The Modulus Bass: Mike started using a new bass on the Feb/Mar European tour in 1997 (not July,as previously reported), and has been primarily using it since. It's a five-string graphite Modulus Quantum 5 (not TBX, and no EMG pickups, as previously reported). Thanks to Dennis John Midkiff <[email protected]> (11/24/97), Russell Mirabelli <[email protected]>, Steve Dolley <[email protected]> (4/8/98 and 5/15/98), Julia <[email protected]> (10/15/98), and Brent Dutcher <[email protected]> 1/12/99. Also, Steve commented that "Mike's switch to the Modulus is a big part of the Phishphunk sound, and has led to his stepping out more and leading jams. The Modulus is very clear and articulate in its attack (primarily due to the neck, which is made of a carbon-graphite composite rather than wood). Very righteous for slap and pick styles. It also has nearly infinite sustain, and rings like a bell. Also, Phil Lesh plays them, and Mike is a major Phil admirer."

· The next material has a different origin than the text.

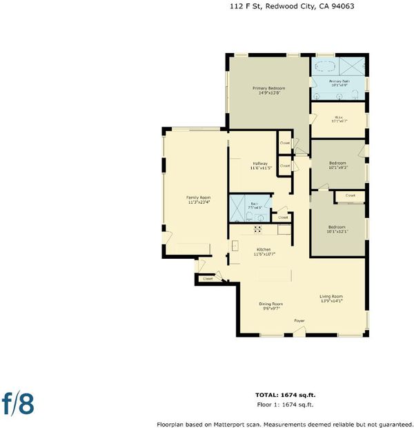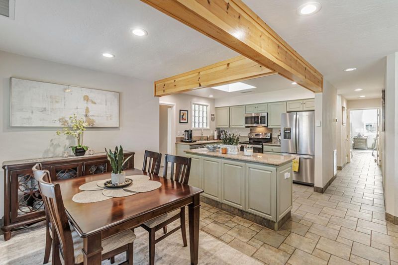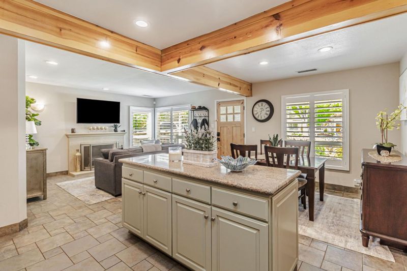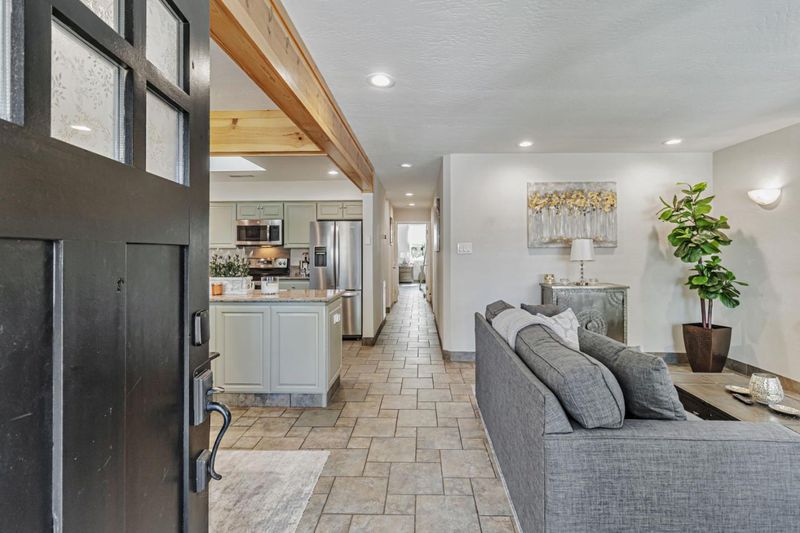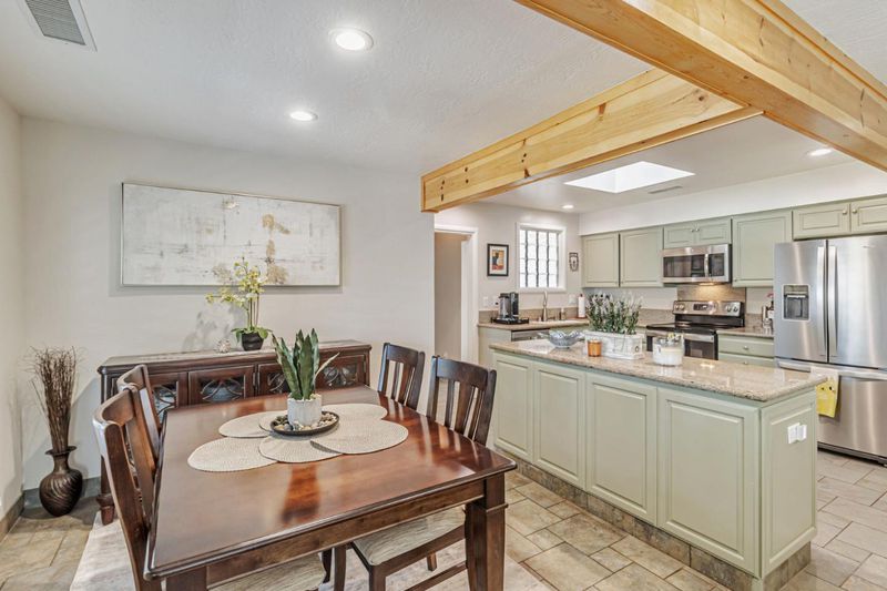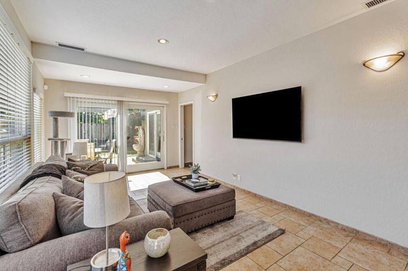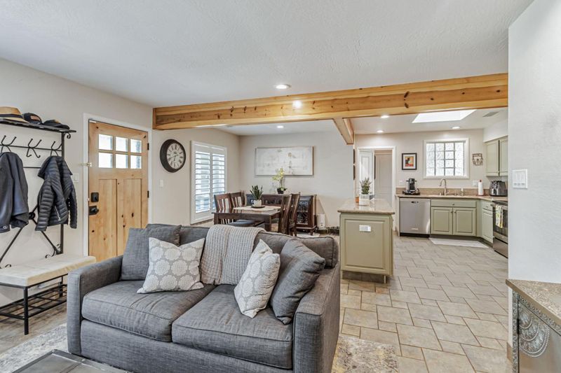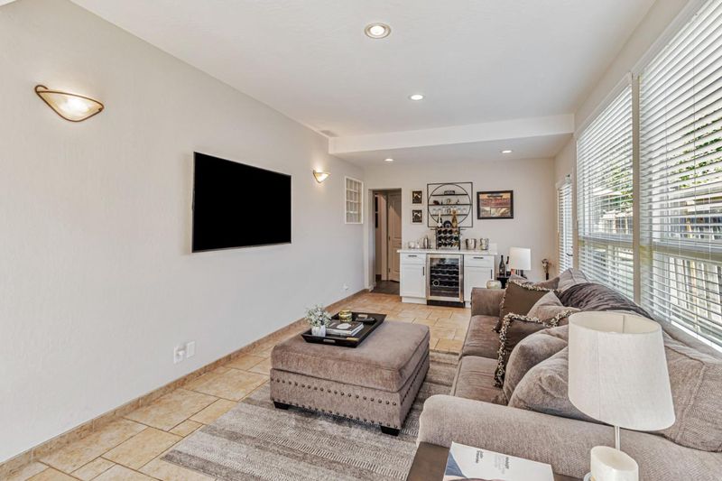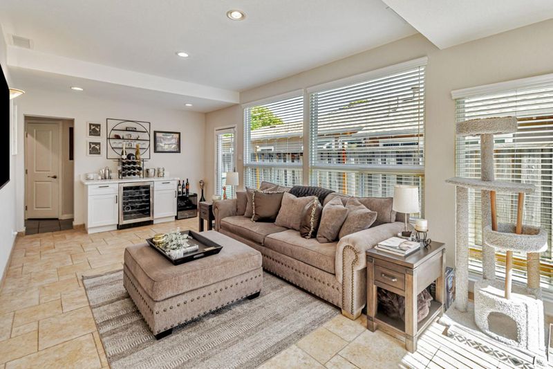 Offer accepted subject to the sale of buyer's property bring offers.Welcome to this charming 3BD/2BA home in vibrant Redwood City. Spanning 1,450 sq ft, it offers an open layout with a cozy fireplace, exposed beam ceilings, skylight, and a kitchen featuring granite counters, stainless steel appliances, and an island. The home includes three bedrooms (one used as an office), a flex space, and a separate family room with abundant natural light and a custom bar with wine fridge. The spacious primary suite features high ceilings, a walk-in closet with custom organizers, and a spa-like bath with double sinks and oversized tub. The updated hall bath includes a stall shower. The flex room is perfect for a home office, gym, or playroom and leads to the family room and backyard. Outside, enjoy a level yard with patio, gazebo, BBQ area, artificial lawn, mature landscaping, and a fruiting orange tree. Additional features include owned solar panels, a one-car garage with laundry, new driveway pavers, new garage door, and updated window coverings. Conveniently located near downtown Redwood City, shopping, dining, and public transit.

The Dragon Bass: An earlier Languedoc bass was stolen a few years ago, but was used from circa 1987 through mid-1997. Simpler than the Modulus, it had five strings "with an inlay of an asian-style dragon in mother of pearl on the headstock. It also has Paul Languedoc's name inlaid into it. It looks like the Languedoc bass that Mike is still using." (Shelly Culbertson; thanks also to Matt Laurence.) "Named for its intricate headstock inlay, the Dragon bass (built in 1989) has a five-piece curly-maple neck and a bound ebony fingerboard. The body is solid koa, with a face of curly-maple veneer. The bridge and tuning machines were made by Schaller. Mike custom-ordered the instrument's active, 18-volt Mørch pickups from Denmark; they came with myriad knobs and switches Mike didn't really want. "I have trouble making decisions," he says. "I probably change my instrument settings only every two years." The three larger knobs on the bass control volume (one per pickup) and pickup blend; the four micro-switches and three smaller knobs are for various midrange contours and high and low boosts. (Languedoc comments, "Even I don't know what they all do!") ... Mike and Paul both call the Fish--also named for its inlays--"a bit of an experiment." The bass, which was built about two years ago, has a two-piece curly-maple body with an interior chamber, a koa face with an f-hole and multiple-layered binding, and only one knob, which blends between the two EMG ASB-5 pickups. Mike eventually wants to add a piezo bridge transducer to accentuate the highs of the instrument's hollow body." (From "Paul Languedoc's Custom Basses" (Bass Player, December 1996) The article also includes a small diagram of his rig at the time, and lists a Lovetone Meatball as Mike's envelope filter. (Thanks also to <[email protected]>.) The bass also has custom-ordered 18-volt Mørch pickups. (Nicolai Knudsen <[email protected]> 8/7/00)

Rig:

Also: The info below somehow omits the Ibanez flanger which gives Mike the cool sound on Down w/ Disease. (Thanks to animationfactory.) it still works.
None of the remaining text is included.